The CVE-ID associated with the original POODLE attack is CVE-2014-3566. F5 Networks filed for CVE-2014-8730 as well, see POODLE attack against TLS section below.

POODLE exemplifies a vulnerability that succeeds because of a mechanism designed for reducing security for the sake of interoperability. When designing systems in domains with high levels of fragmentation, then, extra care is appropriate. In such domains, graceful security degradation may become common.

Mitigation

To mitigate the POODLE attack, one approach is to completely disable SSL 3.0 on the client side and the server side. However, some old clients and servers do not support TLS 1.0 and above. Thus, the authors of the paper on POODLE attacks also encourage browser and server implementation of TLS_FALLBACK_SCSV, which will make downgrade attacks impossible.

Another mitigation is to implement “anti-POODLE record splitting”. It splits the records into several parts and ensures none of them can be attacked. However the problem of the splitting is that, though valid according to the specification, it may also cause compatibility issues due to problems in server-side implementations.

A full list of browser versions and levels of vulnerability to different attacks (including POODLE) can be found in the article Transport Layer Security.

Opera 25 implemented this mitigation in addition to TLS_FALLBACK_SCSV.

Google’s Chrome browser and their servers had already supported TLS_FALLBACK_SCSV. Google stated in October 2014 it was planning to remove SSL 3.0 support from their products completely within a few months. Fallback to SSL 3.0 has been disabled in Chrome 39, released in November 2014. SSL 3.0 has been disabled by default in Chrome 40, released in January 2015.
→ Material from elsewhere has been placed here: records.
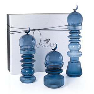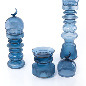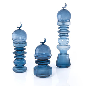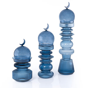 Elevate your table setting with this sophisticated glass collection, thoughtfully curated for the discerning host. The set features two elegantly designed minaret-inspired decorative pieces that capture the essence of Islamic architecture, paired with a practical date bowl—perfect for serving dates during Ramadan or as everyday tableware. Crafted in rich blue glass, each piece combines aesthetic refinement with functional design. Presented in an attractive gift box, this set makes an ideal present for those who appreciate cultural elegance and quality craftsmanship. A versatile addition to any home that celebrates tradition and style.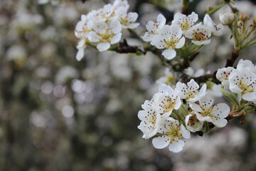 Cherry blossom close up on branch with white flowers 02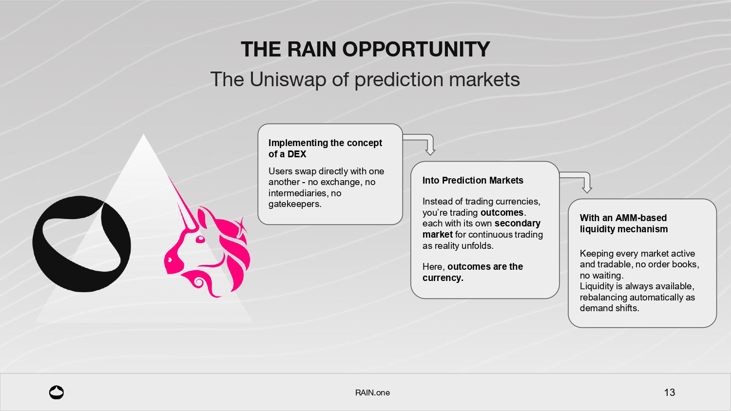 • The protocol is fully permissionless, allowing anyone to create and trade custom predictions on any market . • It is a protocol where anyone, from anywhere, can create any type of market, whether it's public or private, in any language. • Market outcomes are AI - resolved, and the platform is governed by the RAIN token, which features a built - in, deflationary Buyback & Burn mechanism. RAIN.one 12 THE RAIN OPPORTUNITY The Uniswap of prediction markets Implementing the concept of a DEX Users swap directly with one another - no exchange, no intermediaries, no gatekeepers.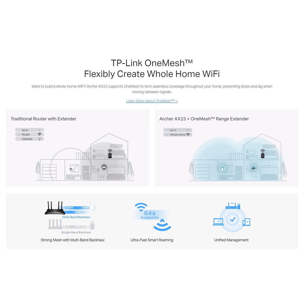 - OneMesh – Sử dụng với bộ mở rộng sóng OneMesh để phủ sóng toàn bộ ngôi nhà và tận hưởng chuyển vùng mượt mà giữa các tín hiệu.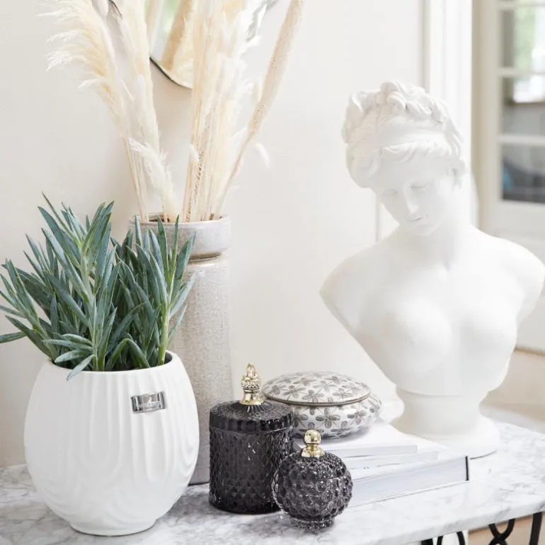 En krukke fra Miya-serien fra Lene Bjerre er ikke bare en glasskrukke – det er et ekte kunstverk! Denne krukken skaper umiddelbart oppmerksomhet i hjemmet med sitt elegante design og unike glassmønstre. Den er ikke bare et dekorativt element, men også utrolig praktisk. Bruk krukken til å oppbevare alle dine smykker eller andre småting på en smart og stilig måte.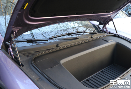 前备厢盖的开启开关位置位于驾驶位前部左下方,开启时需要拉动车内开关两次,然后直接抬起前备厢盖即可。评测车的前备厢盖采用双侧液压杆支撑,稳定性出色,开启和关闭都比较轻松省力。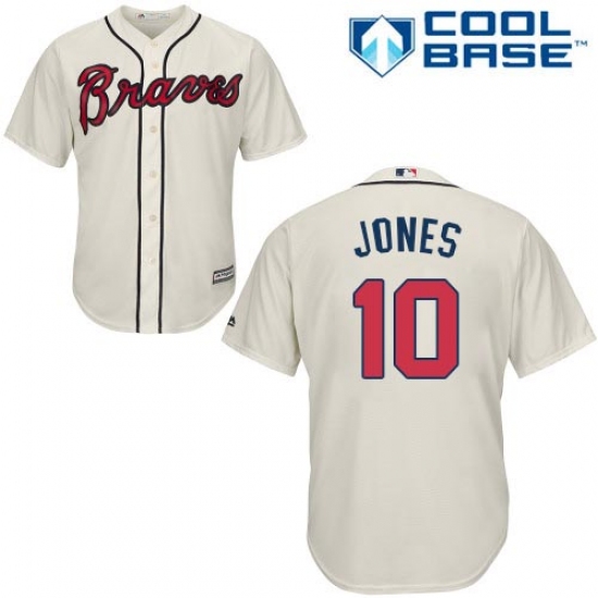 Home>MLB>Atlanta Braves>Chipper Jones>Youth Majestic Atlanta Braves #10 Chipper Jones Authentic Cream Alternate 2 Cool Base MLB Jersey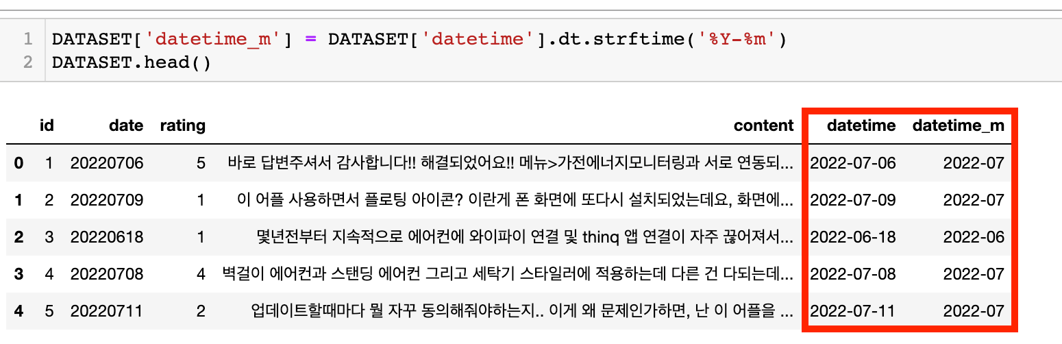 dt.strftime 함수에, format으로 '%Y-%m'만 입력하면 아래의 그림 2와 같이 연도와 월 데이터만 추출됩니다.
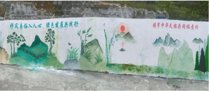 團隊創新文明實踐形式,舉辦“移風易俗入人心”宣講會,通過案例講解、知識競答讓文明理念深入人心;創作5幅主題墻繪,將“美麗鄉村”“民族團結”等主題融入藝術創作;組織紅歌會演,與村民同唱《沒有共產黨就沒有新中國》等經典曲目,激發奮進力量,為構建文明和諧的鄉村氛圍凝聚共識。
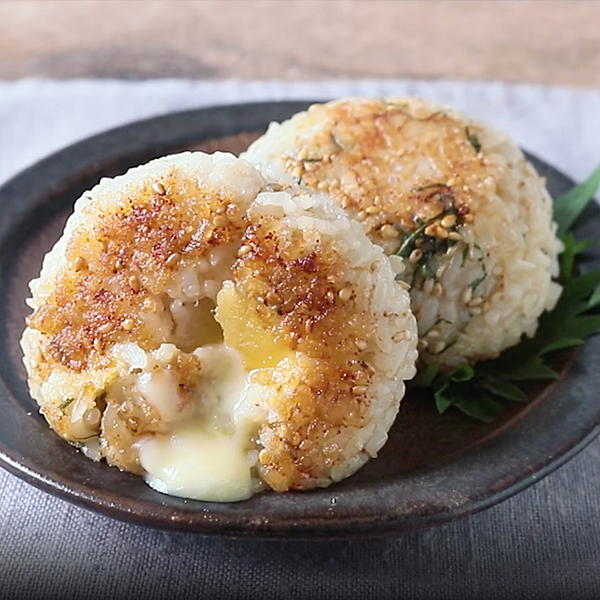 一口食べるととろけるチーズが出てくる、明太子と大葉のチーズ焼きおにぎりを作ってみましょう!大葉と明太子をごはんと合わせ、チーズを包み込むように握り、ごま油で焼きあげました。明太子とチーズの旨味の中に、大葉の爽やかな風味がアクセントに!白いりごまの食感も楽しく、満足度の高い一品です。小ねぎを加えたり、海苔を巻くなどアレンジしてもおいしいですよ。明太子はたらこでもお作りいただけますので、ぜひ作ってみてくださいね。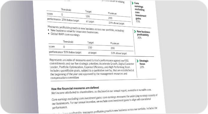 Executive Compensation Performance criteria and weighting for the 2022 awards Aligns compensation with shareholder experience Net income Threshold Target Maximum attributed to shareholders score 25* 100 200 25% performance 30% below target at target 40% above target *Below threshold performance results in a score of zero. Reflects the underlying earnings capacity and is an important factor in valuing Core Manulife’s share price earnings excluding core Threshold Target Maximum investment score 0 100 200 gains 25% performance 25% below target at target 25% above target Measures profitable growth in new business across our portfolio, including: New business • New business value for insurance businesses profitability • Global WAM core earnings 30% Threshold Target Maximum score 0 100 200 performance 50% below target at target 50% above target Represents an index of measures used to track performance against our ESG Strategic commitments and our five strategic priorities: Accelerate Growth, Digital Customer focus Leader, Portfolio Optimization, Expense Efficiency, and High Performing Team. 20% Includes quantifiable goals, subject to a qualitative overlay, that are established at the beginning of the year and approved by the management resources and compensation committee How the financial measures are defined Net income attributed to shareholders: as disclosed in our annual report, available at manulife.com. Core earnings excluding core investment gains: core earnings measures the underlying earnings capacity of our businesses. For our annual incentive, we exclude core investment gains to align with operational performance. New business profitability: measures profitable growth in new business across our portfolio. Includes the following measures: • New business value for insurance businesses represents the change in shareholders’ economic value as a result of sales in the period. Calculated as the present value of shareholders’ interest in expected future distributable earnings, after the cost of capital, on actual new business sold in the period. • Global WAM core earnings: core earnings of our Global WAM segment, which provides fee-based wealth and asset management solutions to our retail, retirement and institutional customers around the world. 2023 Management information circular 55
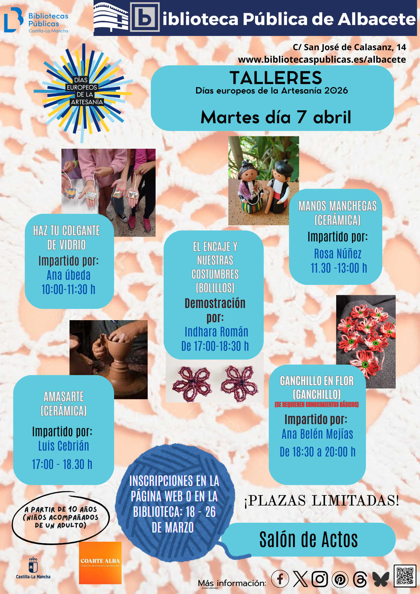 Dentro de las actividades que organiza la Asociación de Albacete en colaboración con la Biblioteca Pública del Estado, esta el taller de vidrio. En este taller participativo (máximo 10 participantes a partir de 10 años, menores acompañados de un adulto) se dará a conocer el ofico de vidriero. mostrando diferentes vidros, colores y texturas, herramientas y materias primas  que usamos para hacer vidrieras, lámparas, objetos decorativos etc.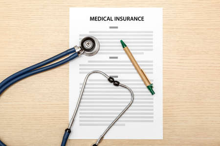 Health insurance form and stethoscope on wooden table. Health insurance concept.
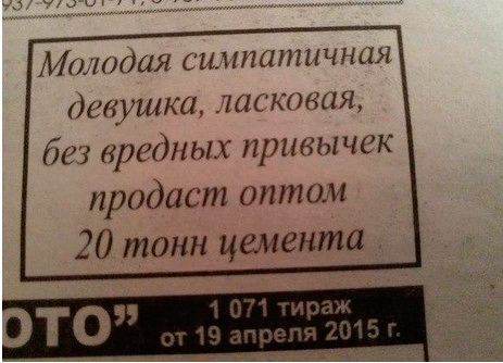 "девушка продаст цемента" - задайте (без кавычек) фразу в гугле, узнаете много нового про этот "классный креатив"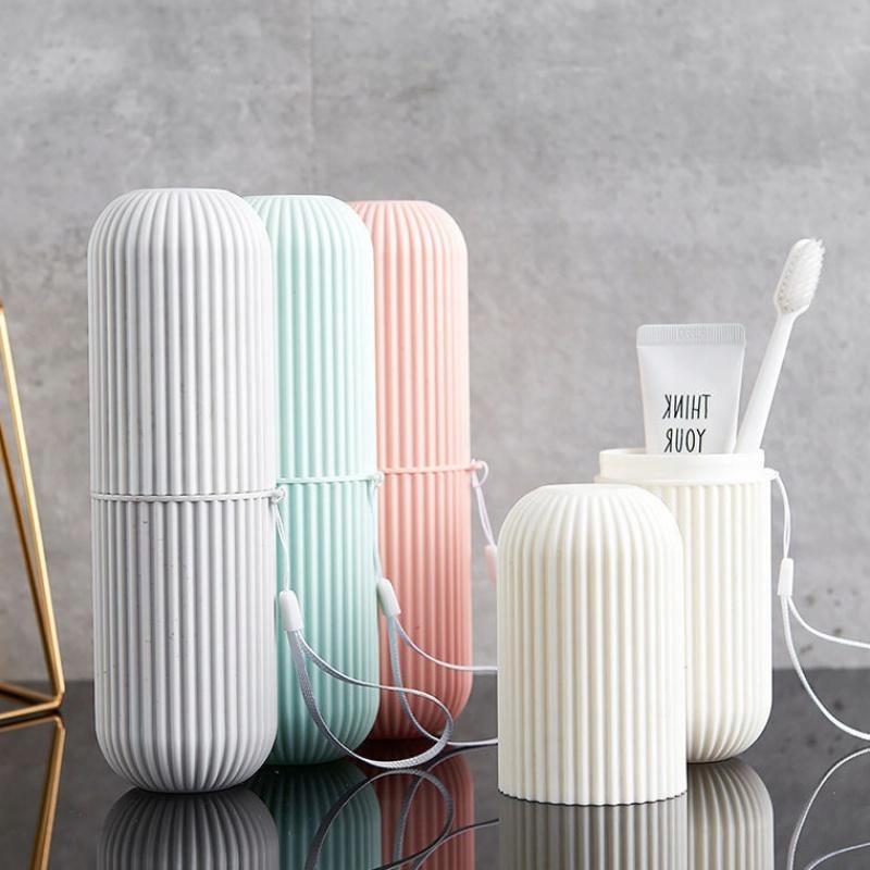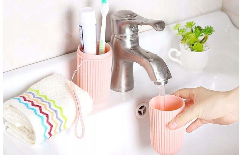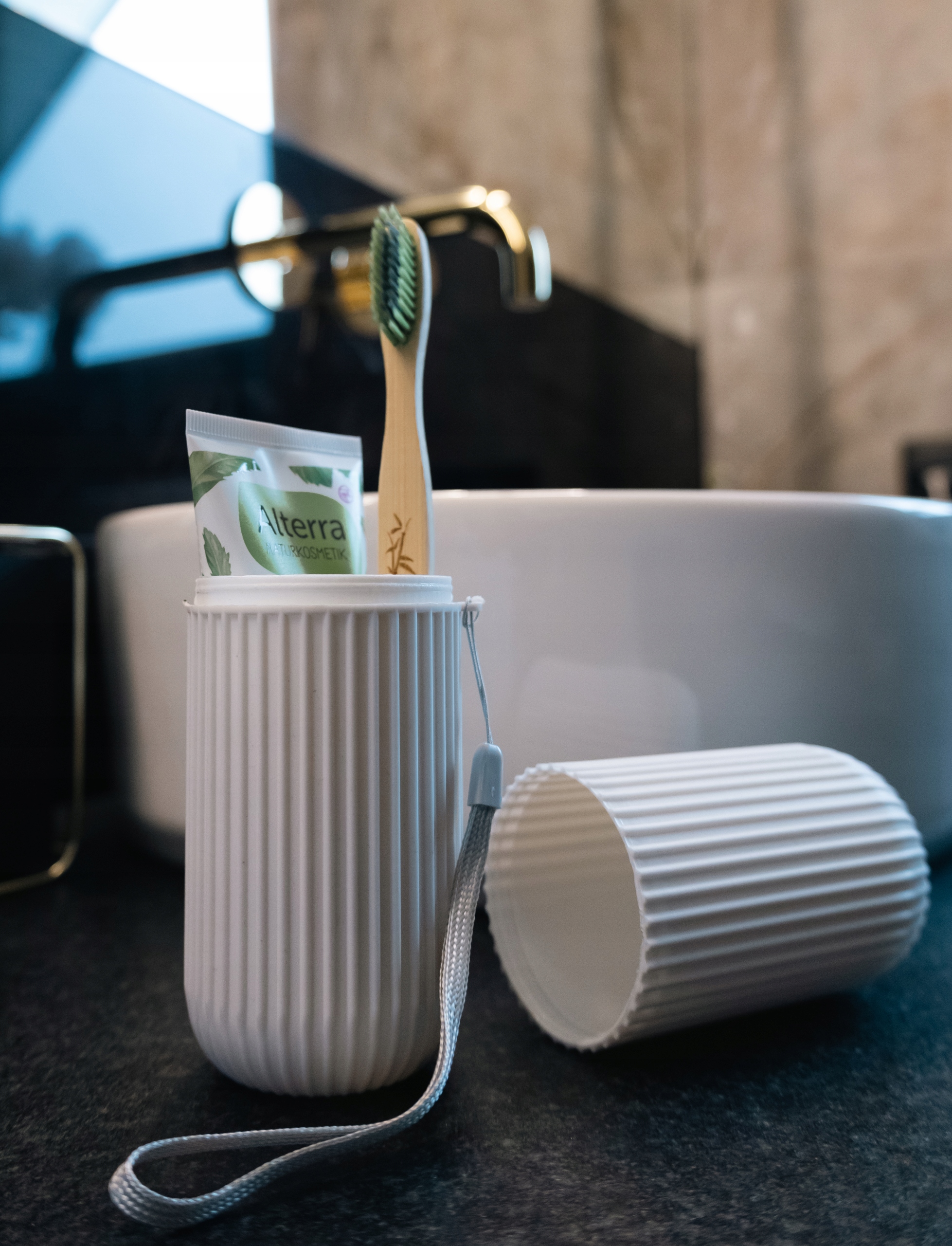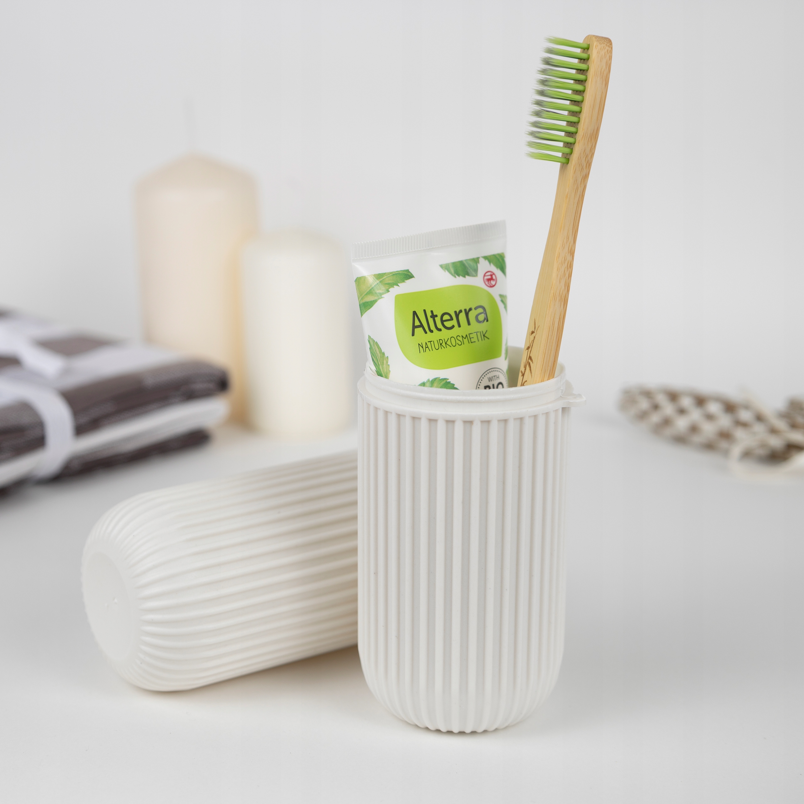 Poza funkcją ochronną przyborów higienicznych, część nakrywki pełni także rolę kubka do płukania jamy ustnej po umyciu zębów.
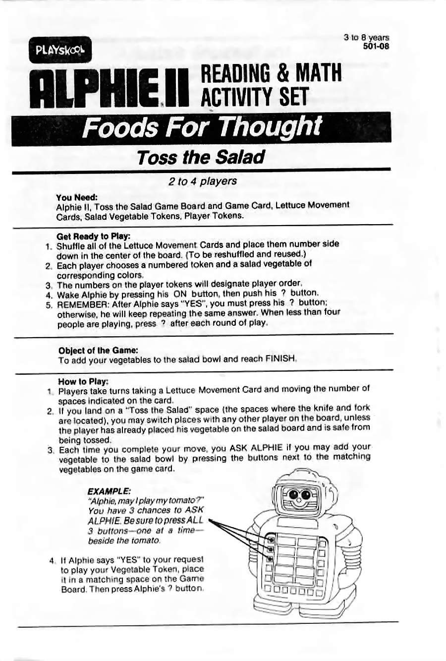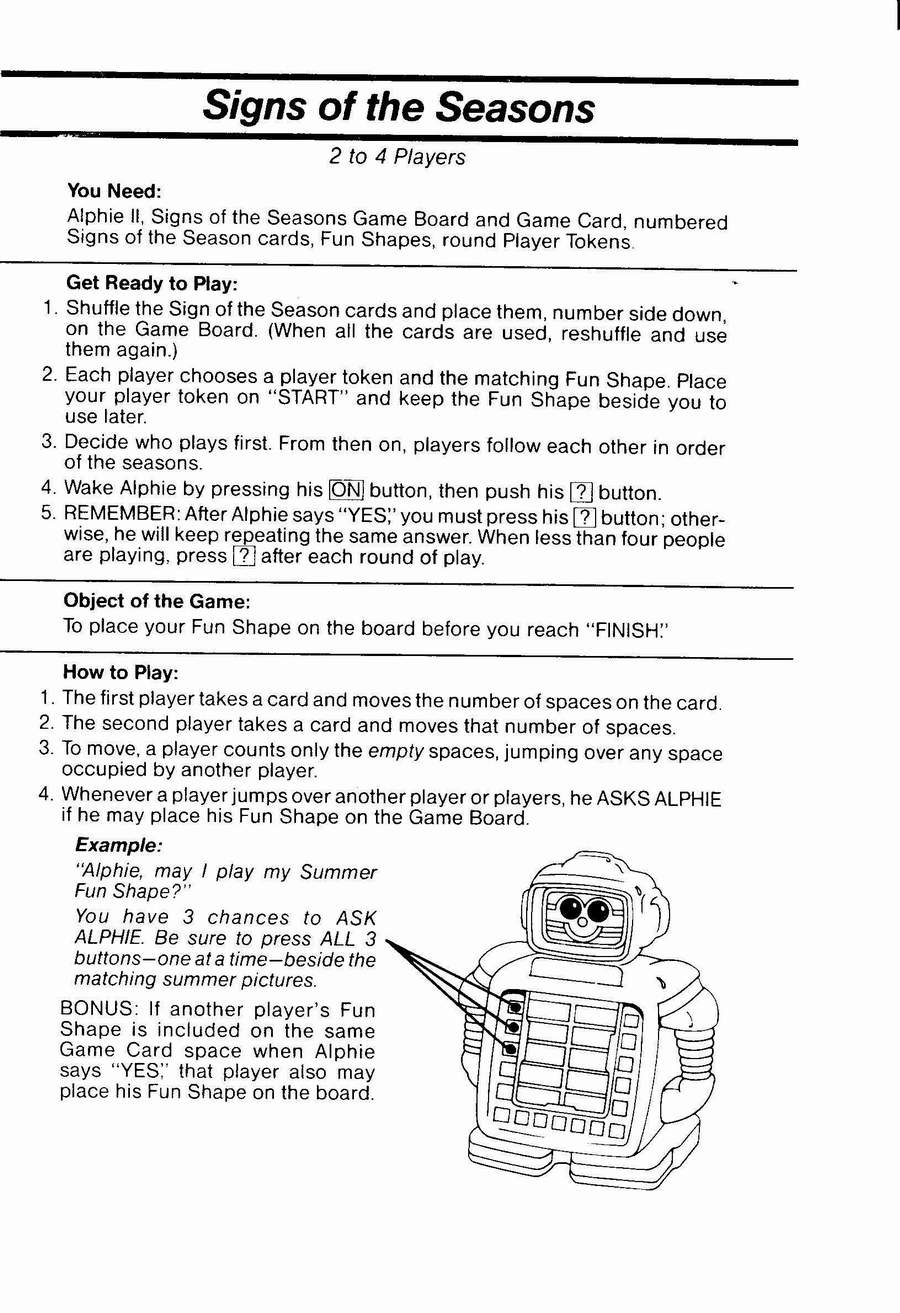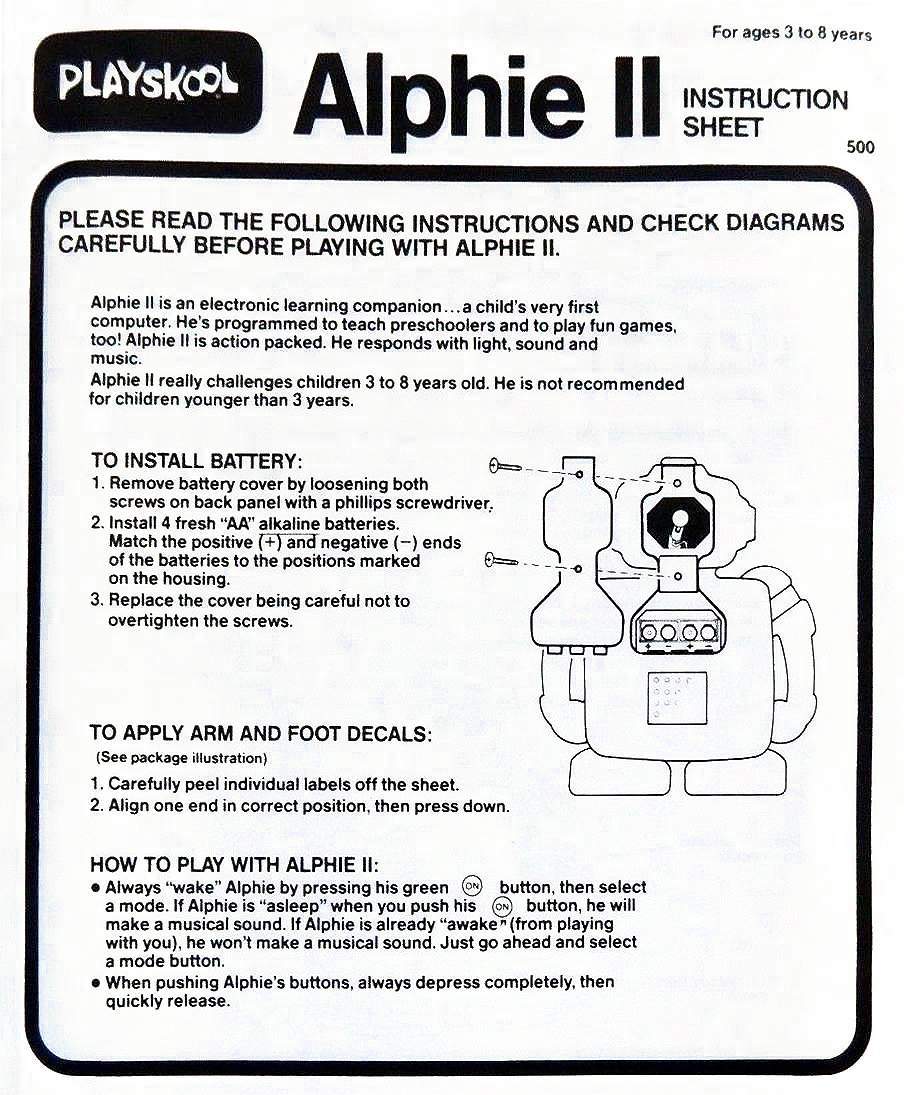 | Detailed specific information for this Robot is contained in the Instruction Manual and is available on this site. The Alphie series robots have similar functions, but the detail information can be different. This can also apply to the same model of manufactured robots, for later releases did vary with the robots. I suggest that you download the manuals for specific information. To Download Instruction Manuals Click On The Images. These files are large. They are Free. These files are as clean as I can make them, they all work for me, you download at your own risk. No Warranties Express or Implied. It is suggested that you do not Open The files in your browser window. Right Click on your mouse button and "Save Target" or "Save Link" to your computer. The file will or should start downloading/or ask you where to download to, and give you a window. All browsers will not work the same. |

Mozilla disabled SSL 3.0 in Firefox 34 and ESR 31.3, which were released in December 2014, and added support of TLS_FALLBACK_SCSV in Firefox 35.

Microsoft published a security advisory to explain how to disable SSL 3.0 in Internet Explorer and Windows OS, and on October 29, 2014, Microsoft released a fix which disables SSL 3.0 in Internet Explorer on Windows Vista / Server 2003 and above and announced a plan to disable SSL 3.0 by default in their products and services within a few months. Microsoft disabled fallback to SSL 3.0 in Internet Explorer 11 for Protect Mode sites on February 10, 2015, and for other sites on April 14, 2015.

Apple’s Safari (on OS X 10.8, iOS 8.1 and later) mitigated against POODLE by removing support for all CBC protocols in SSL 3.0, however, this left RC4 which is also completely broken by the RC4 attacks in SSL 3.0.. POODLE was completely mitigated in OS X 10.11 (El Capitan 2015) and iOS 9 (2015).

To prevent the POODLE attack, some web services dropped support of SSL 3.0. Examples include CloudFlare and Wikimedia.

Network Security Services version 3.17.1 (released on October 3, 2014) and 3.16.2.3 (released on October 27, 2014) introduced support for TLS_FALLBACK_SCSV, and NSS will disable SSL 3.0 by default in April 2015. OpenSSL versions 1.0.1j, 1.0.0o and 0.9.8zc, released on October 15, 2014, introduced support for TLS_FALLBACK_SCSV. LibreSSL version 2.1.1, released on October 16, 2014, disabled SSL 3.0 by default.